Reason to trust
Strict editorial policy which focuses on precision, relevance and impartiality
Created by industry experts and meticulously revised
The highest standards in the declaration and publishing
Strict editorial policy which focuses on precision, relevance and impartiality
Morbi Pretium Leo and Nisl Aliquam Mollis. Quisque Arcu Lorem, quis pellentesque nec, ultlamcorper eu odio.
Este Artículo También is respondable in Español.
Ethereum is under pressure after failing above the whole of $ 1,874 on May 1, a level which now acts as rigid resistance. While the wider market of cryptography begins to warm up, Ethereum remains stuck in a tight range, without momentum to confirm an escape. Currently, negotiating just above $ 1,800, the ETH is at a critical level where the bulls must intervene to defend the structure and push the higher price.
Related reading
Despite several attempts, Ethereum was unable to establish a clear direction and market players become cautious. The asset is still down more than 55% compared to its summits in December, reflecting a period of prolonged weakness compared to other major cryptocurrencies. Without a strong thrust through resistance, Ethereum may be delayed.
Top Michael Van’s crypto investor recently shared a technical analysis suggesting that Ethereum is still in the accumulation phase. According to Van de Poppe, ET shows signs of strength and accumulation against BTC in the background, but needs confirmation by decisive break above current levels. Until then, Ethereum remains linked to the beach and vulnerable to volatility. With the discrepancy of market feelings and imminent major movements, the next few days will be crucial for the short -term prospects of the ETH.
Ethereum accumulation: the ETH / BTC graph refer to an imminent movement
Ethereum continues to fight below the $ 2,000 mark, not having recovered key resistance levels despite wider market activities. While ETH / USD remains without direction and is always negotiated more than 55% below its December summits, a more in -depth examination of the ETH / BTC graph reveals something more constructive below the surface.
Van de Poppe recently shared an analysis highlighting a clear accumulation structure forming in the ETH / BTC pair. After months of coherent drawback, the graphic watch Ethereum which comes out of a fall corner and consolidating in a tight beach just below the critical resistance at 0.0195 BTC. According to Van de Poppe, it is a classic accumulation model, indicating that Ethereum can prepare for a significant rupture compared to Bitcoin.

The graph also highlights a key demand area around 0.0184 BTC – an ETH area has held on several occasions. As long as this level holds, Van de Poppe thinks that Ethereum could continue to grind higher and possibly eliminate liquidity above the resistance. A successful escape could mark the beginning of Bitcoin outperforming Ethereum, a trend often observed during the Altcoin expansion phase of a bull market.

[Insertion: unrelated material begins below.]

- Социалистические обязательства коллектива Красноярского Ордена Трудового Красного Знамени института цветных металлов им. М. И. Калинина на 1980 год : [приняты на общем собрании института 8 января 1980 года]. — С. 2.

However, risks remain. The wider market is always strongly influenced by macroeconomic uncertainty, in particular surrounding American-Chinese tensions. For the moment, the upward case of Ethereum depends on the maintenance of the current management and the cleaning of the resistance of 0.0195 BTC. In case of success, this accumulation can become the basis of a strong rally.
Related reading
Eth Price is consolidated in a tight fork
Ethereum is currently negotiating at $ 1,795.79 after a slight rejection compared to the local summit of $ 1,874 reached on May 1. The daily graphic shows that ETH consolidates itself in a tight fork after its rebound from April nearly $ 1,500. However, despite this stabilization, the ETH remains well below the simple 200 -day mobile average (SMA) at $ 2,7..54 and the exponential mobile average of 200 days (EMA) at $ 2,437.55 – indicating that the wider trend is still down.

While the bulls have managed to prevent the drawbacks more, Ethereum has not yet exploded from its long -term trend. The fact of not recovering $ 2,000 while the support continues to cap the bullish momentum, and the volume remained modest during the recent price action, showing a lack of conviction on the part of buyers and sellers.

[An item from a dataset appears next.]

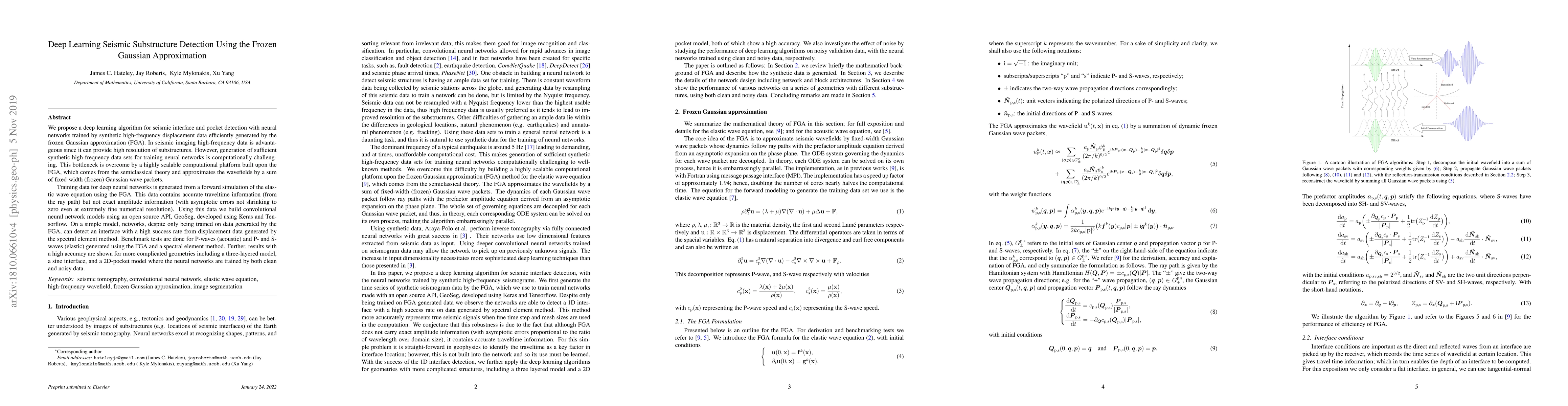 We propose a deep learning algorithm for seismic interface and pocket detection with neural networks trained by synthetic high-frequency displacement data efficiently generated by the frozen Gaussian approximation (FGA). In seismic imaging high-frequency data is advantageous since it can provide high resolution of substructures. However, generation of sufficient synthetic high-frequency data sets for training neural networks is computationally challenging. This bottleneck is overcome by a highly scalable computational platform built upon the FGA, which comes from the semiclassical theory and approximates the wavefields by a sum of fixed-width (frozen) Gaussian wave packets. Data is generated from a forward simulation of the elastic wave equation using the FGA. This data contains accurate traveltime information (from the ray path) but not exact amplitude information (with asymptotic errors not shrinking to zero even at extremely fine numerical resolution). Using this data we build convolutional neural network models using an open source API, GeoSeg, developed using Keras and Tensorflow. On a simple model, networks, despite only being trained on FGA data, can detect an interface with a high success rate from displacement data generated by the spectral element method. Benchmark tests are done for P-waves (acoustic) and P- and S-waves (elastic) generated using the FGA and a spectral element method. Further, results with a high accuracy are shown for more complicated geometries including a three layered model, and a 2D-pocket model where the neural networks trained by both clean and noisy data.

The structure currently promotes accumulation, but the ETH must decisively erase the resistance zone from $ 1,875 to $ 2,000 to move the feeling and validate a trend reversal. If it does not do so, the risk of a renewed withdrawal to the support zone from $ 1,650 to $ 1,700 increases.
Related reading
Overall, Ethereum is at a central stage. The more it is consolidated below the medium of major moving, the more likely the market is that the market remains cautious. A rupture of more than $ 2,000 could trigger an upward renewal and report a wider market force.